The latest thing are the sniffs along the side and back fence. I do not know what tasty being is behind that wall, but it smells delicious and I want to rip it to shreds. Bleeder has peered through the tiny slats and pronounces that "nothing is back there", but she doesn't have the 7 miles of nose sensors like I do. There is something there, and I want a piece of it in my mouth. Not sure if it travels along the fence line, but there's something at the back fence too. It's like a little superhighway for tasty things. Tonight Bleeder was trying to wear me out (because they didn't take me for a walk because something about "it's too cold, we're old") and was throwing the fun wheel thing, but I was too interested in the fence line. The wheel is fun, but I'd rather chase something small, and furry, and tasty. Bleeder had to get a leash and drag me back inside. Now she's muttering something about "great, it's probably a raccoon or skunk, or a myriad of other tasty things". Ok, she didn't say "tasty" she said "horrible", and something about ER vet visits, and possibly human ER visits as the past two years have been (in her words) a dumpster full of poop on fire and she wouldn't rule out getting into a fist fight with a chupacabra. I don't know what that is, but I'm sure it's tasty and fun to chase.
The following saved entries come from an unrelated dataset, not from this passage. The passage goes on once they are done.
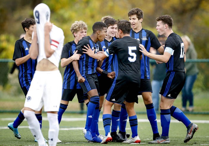 Gill St. Bernard's Micaah Garnette, center, celebrates his goal in the 2nd half guaranteeing their win as Pingry's Will Bugliari covers his face with his jersey in dejection during the Somerset County boys soccer tournament final with Gill St. Bernard's vs. Pingry with the game held at the Torpey Athletic Complex. Saturday October 26, 2019. Bridgewater, NJ
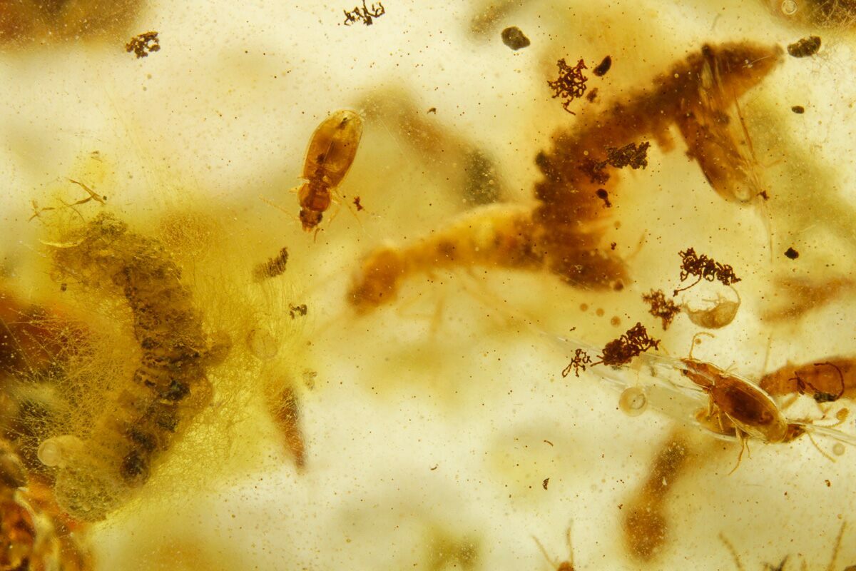 Amber is fossilized tree resin that frequently contains inclusions such as plant matter, fungi, and insects. Copal is a younger resin that has not fully fossilized, but may still be tens of thousands to several million years old. This copal is often marketed as "young amber", which many consider a misnomer, but the exact line between copal and amber is a little bit blurry. This is especially true with modern treatment techniques that can artificially age copal into amber.
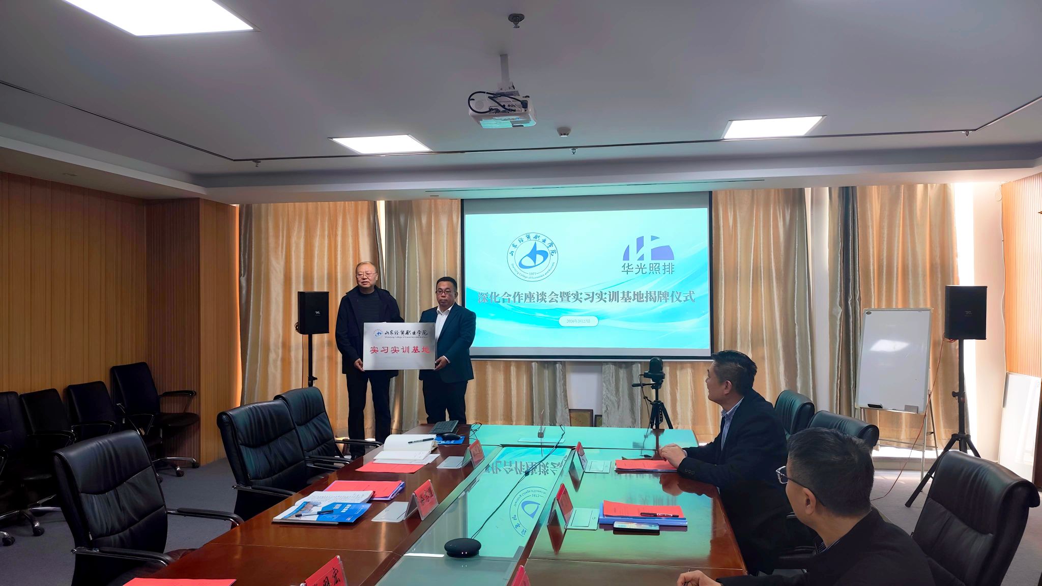 在潍坊北大青鸟华光照排有限公司,校企双方举行了校企合作仪式。仪式上,陈志勇为徐志强董事长颁发校外产业导师聘书;随后,陈志勇与徐志强董事长共同为山东经贸职业学院实习实训基地揭牌。双方还就联合成立协同创新中心、共建课程体系、联合开展技术研发等事宜深入商讨,达成多项合作共识。
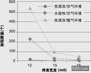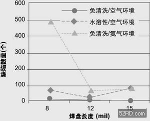 圖3是焊點不良與焊盤的寬度及組裝工藝的關(guān)系。這些數(shù)據(jù)是每種組裝工藝都選用最佳焊盤形式而得出的,試驗時將焊盤的長度和焊盤間距設(shè)為常量,只對焊盤寬度進(jìn)行變化。通常來講,三種組裝工藝的良品率均隨焊盤寬度增大而提高,而不良率在焊盤寬度為0.012到0.015英寸之間較為敏感。水溶性焊膏在空氣環(huán)境中焊接和免清洗焊膏在充氮環(huán)境中焊接都是在焊盤寬度最大即0.018英寸時焊點缺陷最少,但這種情況在免清洗焊膏空氣環(huán)境下焊接時有一些改變,此時最高良品率是在焊盤寬度居中時(0.015英寸)得到的,然而由于使用這種工藝組裝的板子產(chǎn)生的不良數(shù)量非常少,所以焊盤寬度在0.015英寸和0.018英寸時不良數(shù)目之間的差異在統(tǒng)計上并不明顯。如果從組裝工藝的角度來看良品率變化趨勢,可以看到免清洗焊膏在空氣環(huán)境中焊接對焊盤寬度變化最不敏感,而免清洗焊膏在充氮環(huán)境下焊接工藝則對焊盤寬度變化最為敏感。
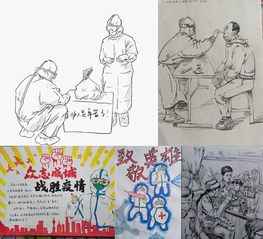 在一段段可歌可泣的战“疫”故事感召下,同学们迸发出巨大的创作热情,活动反响热烈,作品形式多样,一笔一划中满溢出对防疫人员的由衷感谢与崇高敬意。有的同学将感激之情倾注于画中,用实际行动向白衣天使表示由衷的崇敬;有的同学以笔为“枪”,用铿锵有力的书法表达出战胜疫情的坚定决心,每一副作品都充分展现出新时代大学生的青春风采和同心战疫的决心。
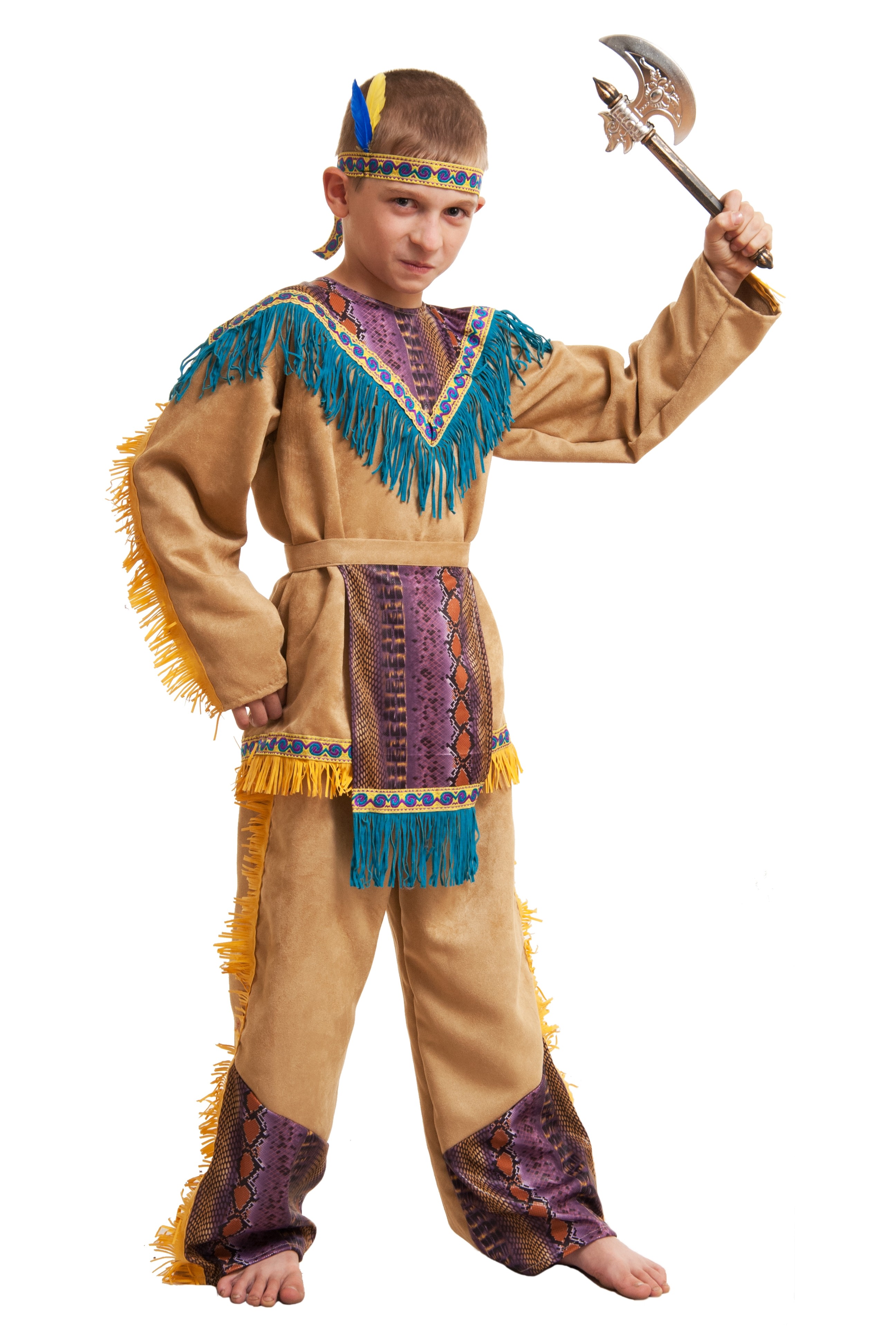 Костюм мальчика-индейца выполнен в светло-коричневом цвете и дополнен цветными вставками. В комплект входят штаны, рубаха с ярким воротником, цветной передник, а также повязка на голову, дополненная пером и небольшой топорик из пластикового материала.
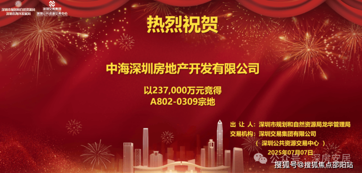 7月7日,中海深圳房地产开发有限公司经过108竞价,最终以总价23.70亿元竞得民治A802-0309地块,成交楼面价38795元/㎡,溢价率40.74%。
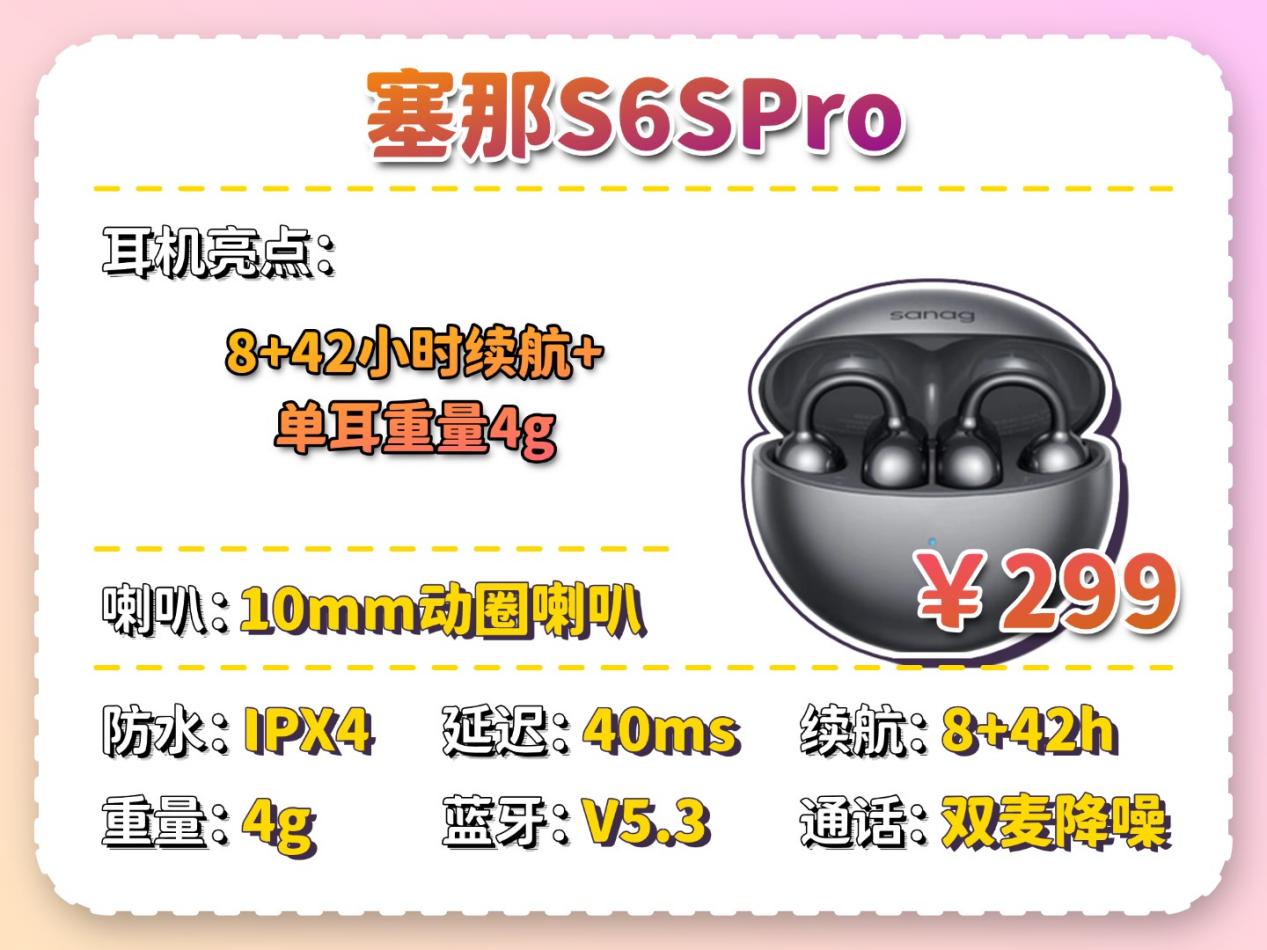 塞那S6SPro在佩戴上采用C形桥与贴合耳廓的设计,机身极为轻巧,长时间使用几乎感觉不到负担。音质上依靠动圈单元与全景音增强技术,声音开阔自然,能满足日常听歌看视频的需求,但整体表现中规中矩。性能上支持低延迟的游戏模式,具备生活防水和清晰通话降噪,而且续航特别持久,不用频繁充电,不过它不支持一拖二连接。虽然它的音质和性价比不算突出,但它的超轻佩戴和超长续航表现,是追求极致轻便和续航能力的用户的实用选择。
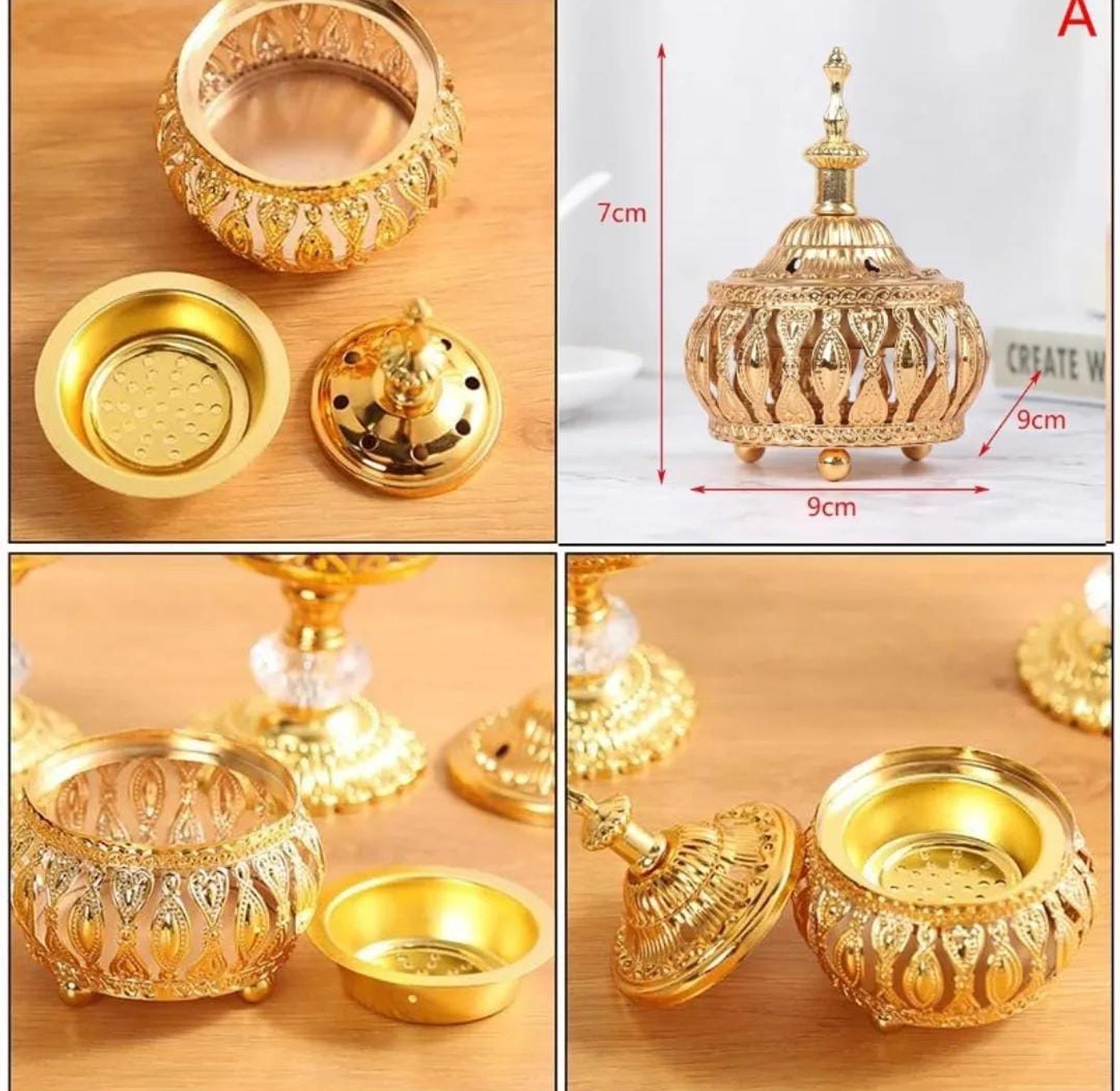 Celebrate the essence of Eid with this beautifully crafted metallic incense tower, designed not only as a functional piece but also as a stunning home ornament. Featuring intricate details and a graceful "Eid Mubarak" inscription, this tower serves as both a symbol of festivity and a serene source of aromatic ambiance. Ideal for burning your favorite bakhoor or incense, it gently diffuses scent throughout your space, creating a warm and welcoming atmosphere for family and guests. Whether placed on a mantle, side table, or as a centerpiece, this decorative tower elevates your Eid decor with its timeless elegance and cultural significance—making it a cherished addition to your festive celebrations.

I realize that for a holiday where we're supposed to feel thankful about stuff, I've done a lot of ranting, so..
I'm thankful for my new chasey wheel.
I'm thankful for the delicious fence sniffs.
I'm thankful that I have tasty salmon foodables.
I'm thankful that Bleeder doesn't mind contorting into awkward positions so that I can stretch out on her side of the bed.
I'm thankful that Toast makes me toast and stays home with me even though I can't bother him during "core hours" even though I still bother him during "core hours".
I'm thankful that Toast and Bleeder hold a chewbone for me.
I'm thankful for my walks, but I would be more thankful if they didn't clip a leash to my front so I can't pull them both down the street like a sled.
I'm thankful for a comfy couch and window to watch the world
I'm thankful for the tasty... I mean wonderful deck where I can supervise the neighborhood.
I'm thankful for landing in such a cushy gig with such pushovers that I get cheese for every stick and rock I bring to the door.
I'm thankful... except when they put that gate on the "hot" counter so I can't get the foodables on it.